In circumstances where the death is unexpected and unexplained it will be necessary to pursue enquiries/investigations involving LSCP partner agencies: Police, Health and Social Care as a minimum, but others as appropriate. In these circumstances agencies are required to follow the Sudden Unexpected Death in Childhood (SUDiC) Protocol (0-18 years) (see Sudden Unexpected Deaths in Childhood Protocol). It is important that an appropriate balance is achieved between forensic and medical requirements for investigation and the family's need for support.
An unexpected death is defined as, 'the death of a child that was not anticipated as a significant possibility, for example 24 hours before the death; or where there was a similarly unexpected collapse or incident leading to or precipitating the events that led to the death'.
The Designated Paediatrician should be consulted where professionals are uncertain about whether the death is unexpected. If in doubt these procedures should be followed until the available evidence enables a different decision to be made, and always with the consent of the Coroner.
When a child dies unexpectedly, several investigative processes may be instigated, particularly when abuse or neglect is a factor. In following the SUDiC protocol (see Sudden Unexpected Deaths in Childhood Protocol) the guidance will ensure that the relevant professionals and organisations work together in a co-coordinated way, in order to minimise duplication and ensure that the lessons learnt contribute to safeguarding and protecting the welfare of children in the future. Where there is an ongoing criminal investigation, the Crown Prosecution Service must be consulted as to what is appropriate for the professionals to be doing, and what actions to take in order not to prejudice any criminal proceedings.
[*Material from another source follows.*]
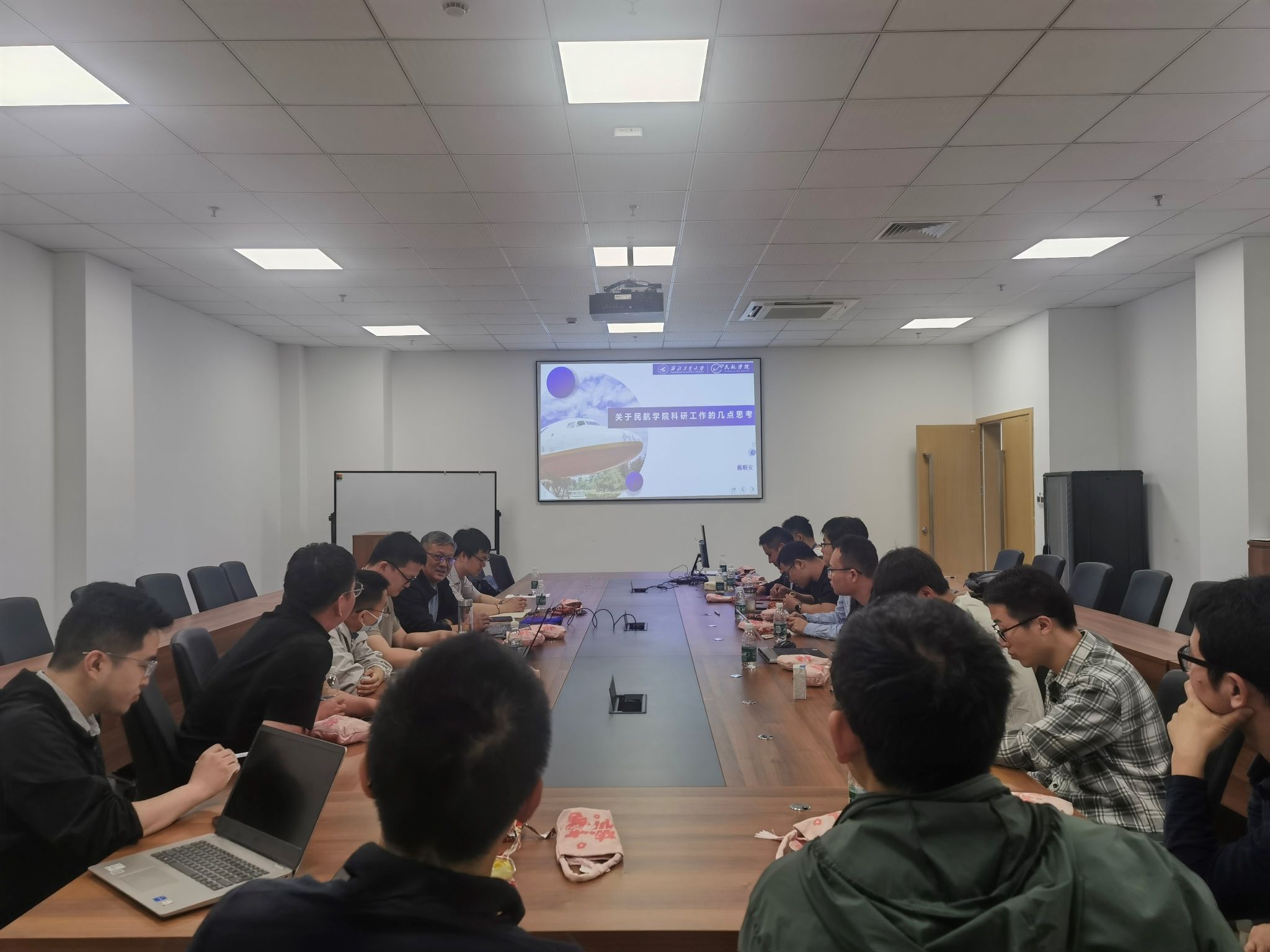 戴顺安介绍了适航团队相关科研工作进展,他指出,青年教师要紧跟国家战略和国内民机设计制造业主流,聚焦国家重大方针政策,促进科研方向与国家战略需求的契合性,根据需求组建联合研究团队,加强院内校内校外合作。

The Coroner is notified of all sudden unexpected deaths immediately after they occur and there is regular consultation with the Coroner for the duration of any investigation and subsequent proceedings as per the SUDiC protocol. Not all child deaths are notified to the Coroner, it is not necessary if the cause of the child's death is known and there are no concerning circumstances.
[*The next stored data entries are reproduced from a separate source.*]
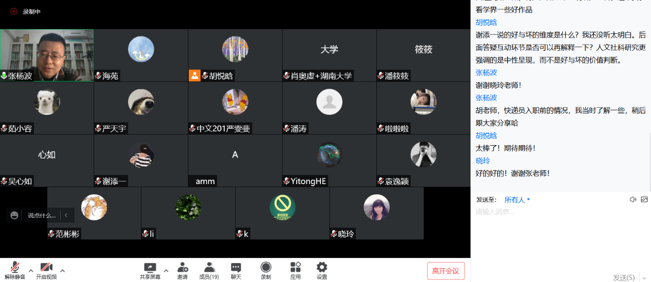 2月17日上午,女同av 举行“深耕书田,厚植实践”线上读书会。本次读书会以2020年社会科学文献出版社出版的《熟悉的陌生人——快递员的日常工作和劳动过程》为研读书目。该书是国内少有的探讨快递员劳动过程的学术专著。女同av 副教授胡悦晗老师主持,该书作者武汉大学社会学院副教授张杨波老师为特邀嘉宾,学工办主任陈晓玲老师、女同av “递”听快递员“挑战杯”团队成员暨外校部分同学参加。
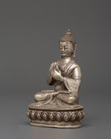This Tibetan Buddha statue is more than simply a decorative piece; it is a spiritual tool that promotes wisdom, enlightenment, and inner serenity. It represents traditional Tibetan creativity and devotion, having been meticulously made by Nepalese artisans. The silver finish gives it a celestial radiance, making it stand out as a focal point in your sacred altar, yoga studio, or tranquil home sanctuary. This statue is an ideal gift for spiritual practitioners, collectors, or anybody drawn to the Buddha's teachings. It represents the eternal light of understanding.
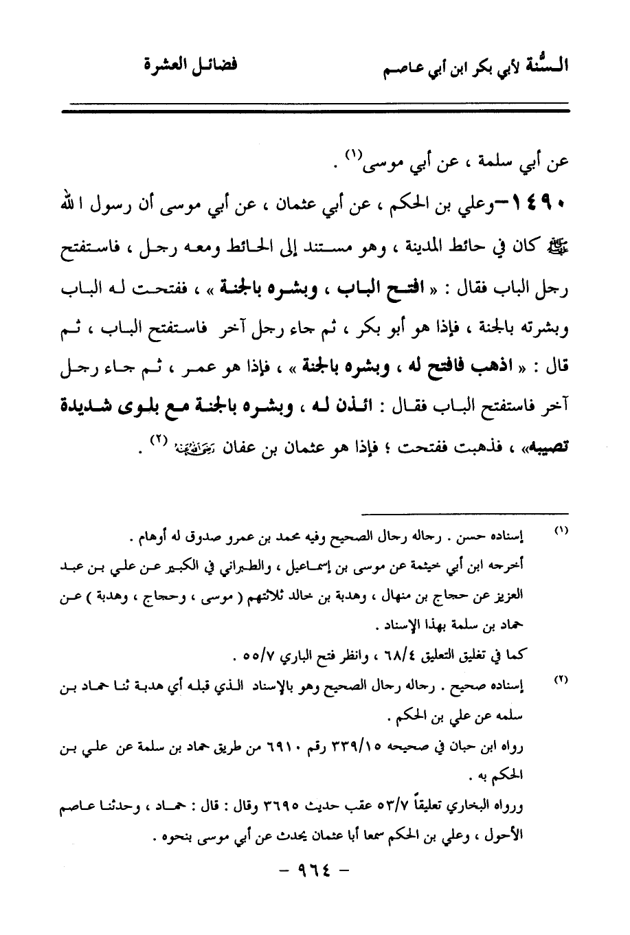 1490 - وَعَلِيُّ بْنُ الْحَكَمِ، عَنْ أَبِي عُثْمَانَ، عَنْ أَبِي مُوسَى، أَنَّ رَسُولَ اللهِ صَلى الله عَلَيهِ وسَلمَ كَانَ فِي حَائِطِ الْمَدِينَةِ، وَهُو مُسْتَنِدٌ إِلَى الْحَائِطِ, وَمَعَهُ رَجُلٌ، فَاسْتَفْتَحَ رَجُلٌ الْبَابَ، فَقَالَ: افْتَحِ الْبَابَ وَبَشِّرْهُ بِالْجَنَّةِ، فَفَتَحْتُ لَهُ الْبَابَ وَبَشَّرْتُهُ بِالْجَنَّةِ، فَإِذَا هُوَ أَبُو بَكْرٍ، ثُمَّ جَاءَ رَجُلٌ آخَرُ، فَاسْتَفْتَحَ الْبَابَ، ثُمَّ قَالَ: اذْهَبْ فَافْتَحْ لَهُ وَبَشِّرْهُ بِالْجَنَّةِ، فَإِذَا هُوَ عُمَرُ، ثُمَّ جَاءَ رَجُلٌ آخَرُ، فَاسْتَفْتَحَ الْبَابَ, فَقَالَ: ائْذَنْ لَهُ وَبَشِّرْهُ بِالْجَنَّةِ مَعَ بَلْوَى شَدِيدَةٍ تُصِيبُهُ، فَذَهَبْتُ فَفَتَحْتُ، فَإِذَا هُوَ عُثْمَانُ بْنُ عَفَّانَ رَضِيَ اللهُ عَنْهُ.
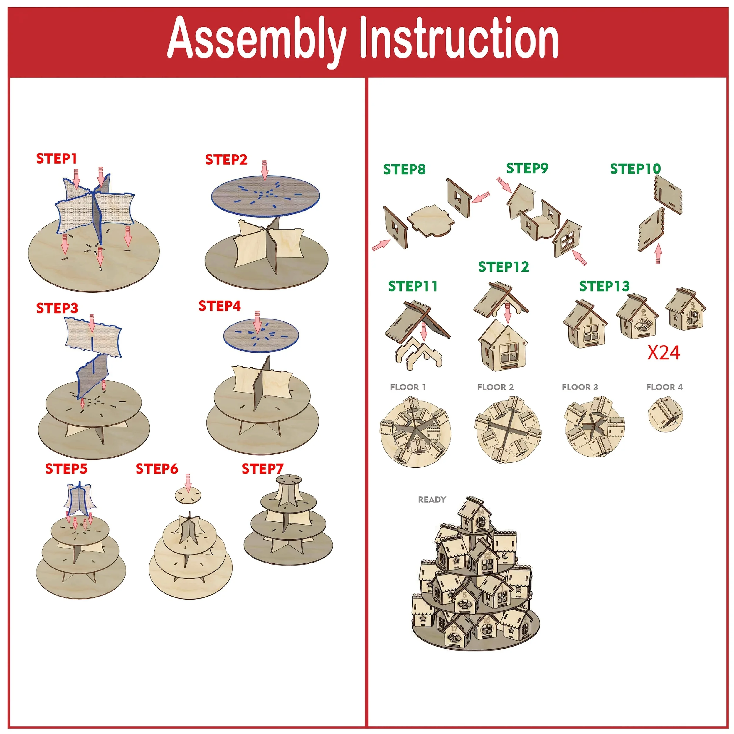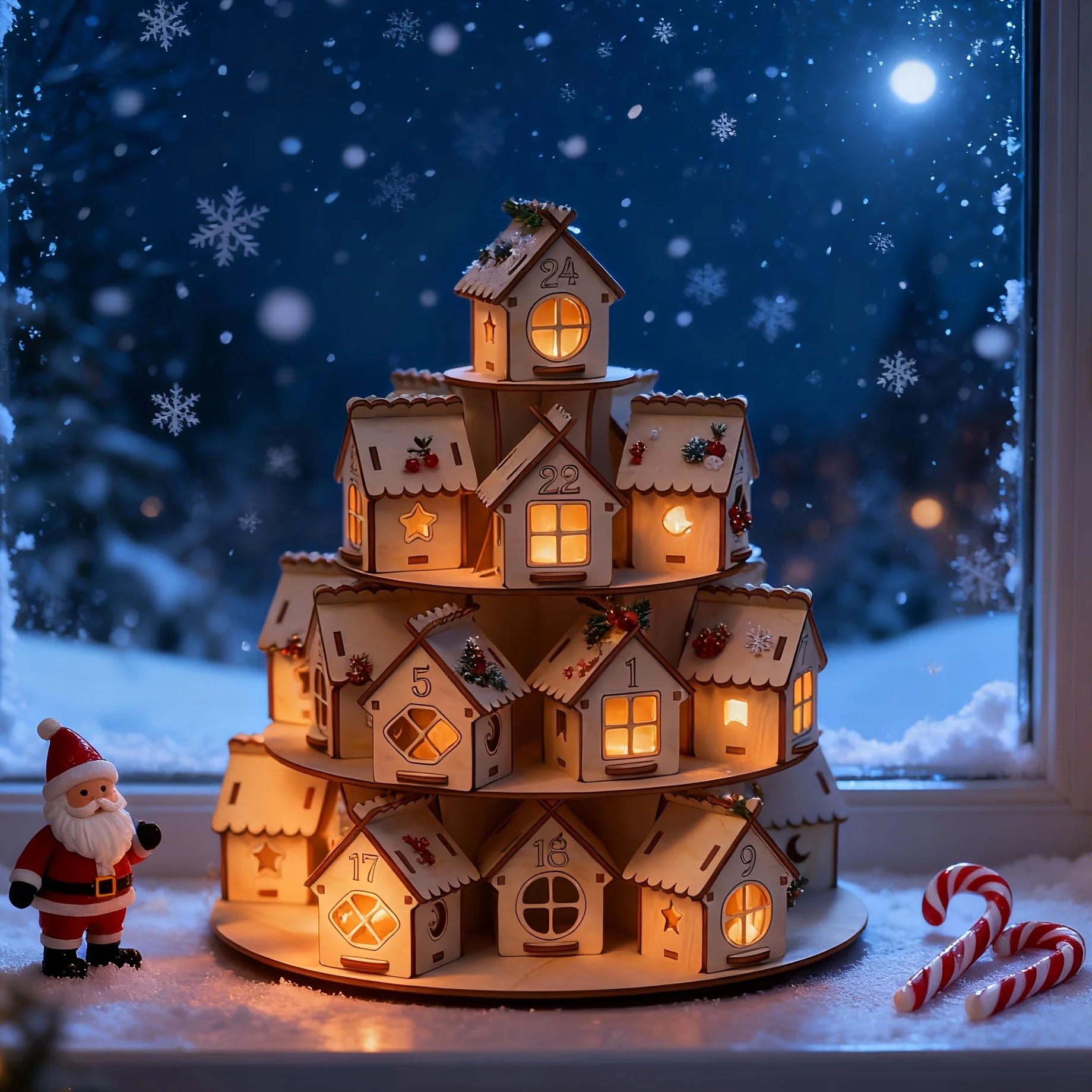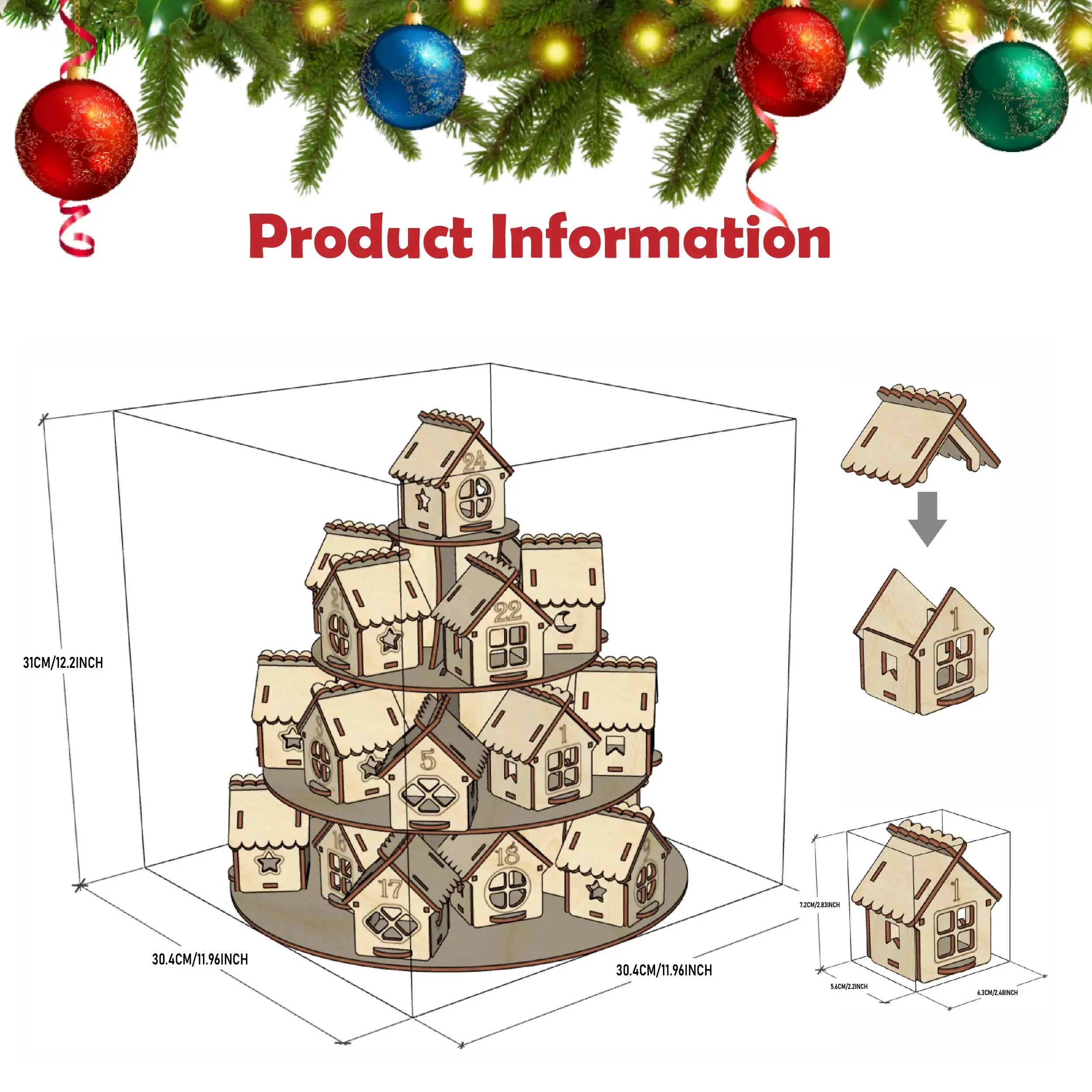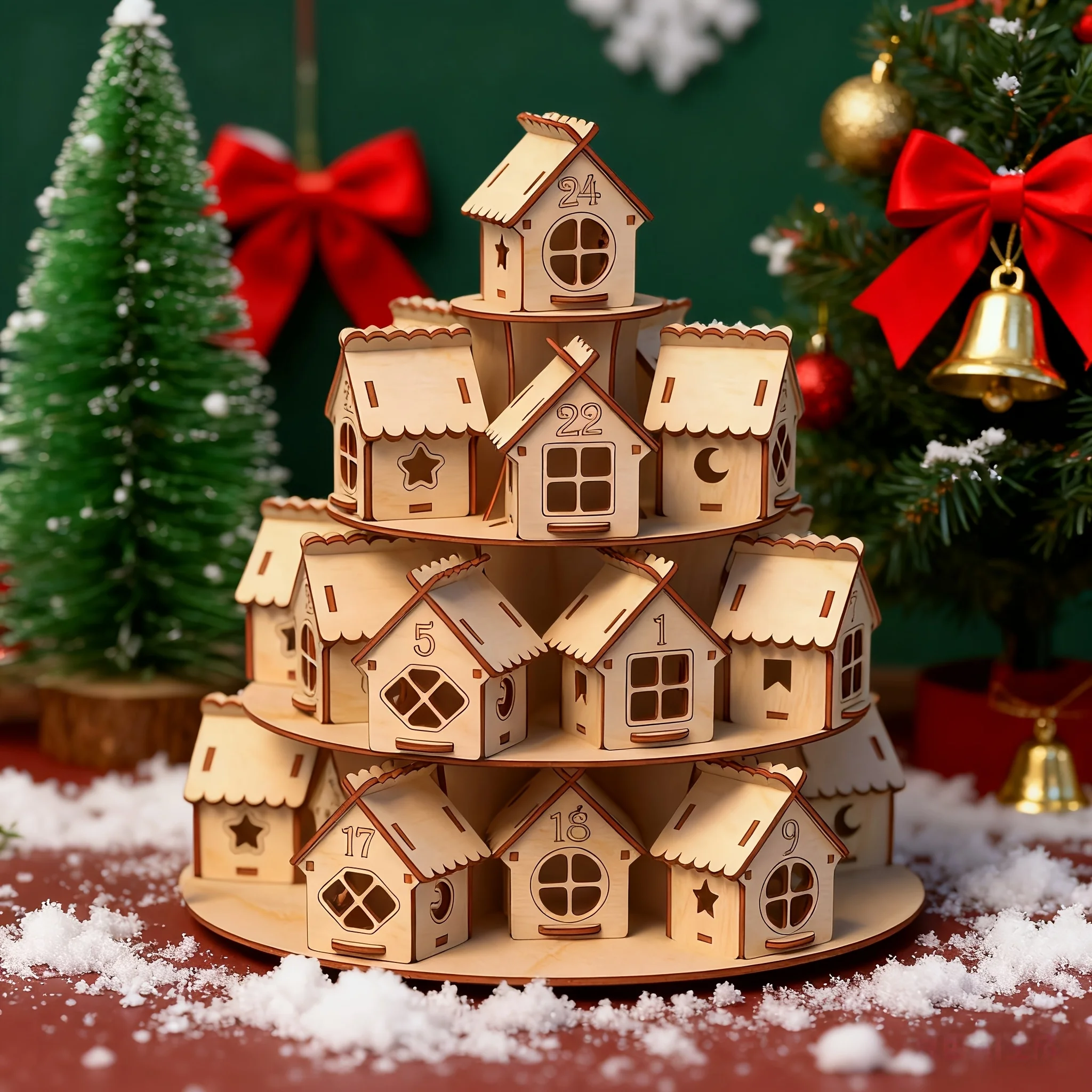 Comprar Calendario de Adviento de madera para Navidad, casa con 24 casas, cuenta atrás para Navidad, regalo Kraft DIY para niños, decoración del hogar familiar

However, under the Coroners (Investigations) Regulations 2013, where the coroner decides to conduct an investigation or directs that a post mortem should take place, the Coroner must provide to the LSCP all information held by the Coroner relating to the child's death.
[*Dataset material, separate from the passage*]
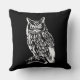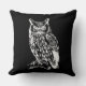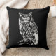 Klassieke zwarte en witte accentuskussen met gedetailleerde Owl-illustratie.
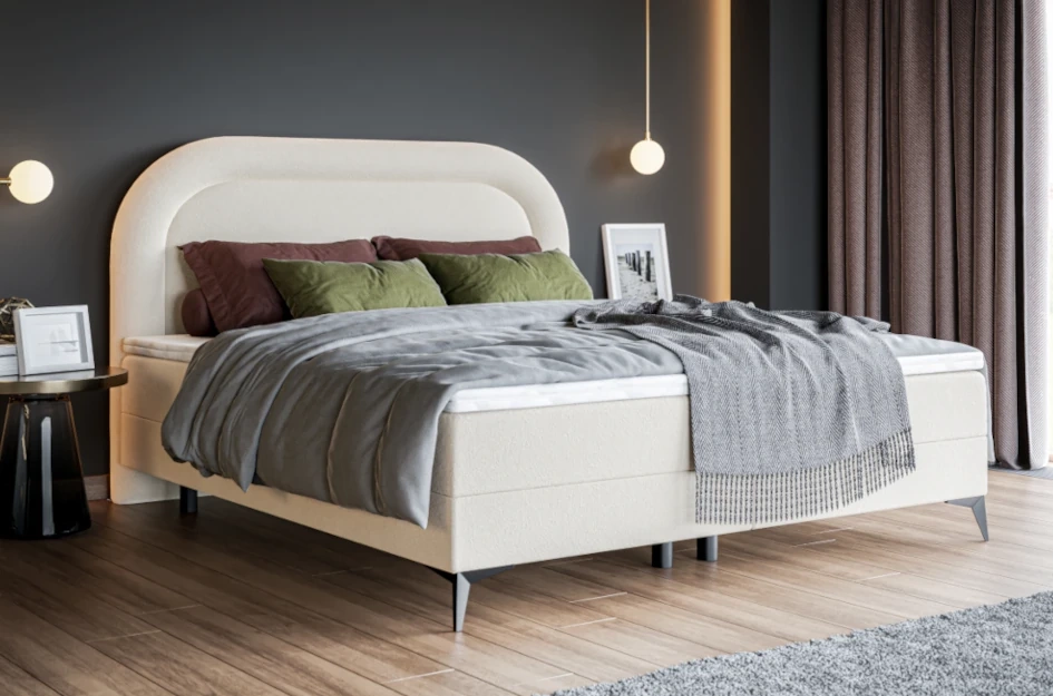 Tapicerowane łóżko kontynentalne DIEGO z półokrągłym zagłówkiem

Where the Coroner makes a report to prevent other deaths, a copy must be sent to the LSCP.
Merseyside CDOP has produced a leaflet entitled 'What we have to do when a child dies' that is distributed by Merseyside Registrars on behalf of CDOP. This occurs when the child's death is registered. If an inquest is being held the leaflet is given as part of the Inquest pack as registration of the cause of death will not occur until the Inquest has concluded.
Parents, families and carers can participate in the CDOP process through conveying written or verbal information to the CDOP Manager or a panel member. They cannot attend the meeting, but can meet the CDOP Manager or a panel member should they wish.
The Department for Education produced a leaflet entitled 'The Child Death Review' that describes a number of processes associated with a child's death, including the Inquest and post mortem, in addition to the review by a Child Death Overview Panel.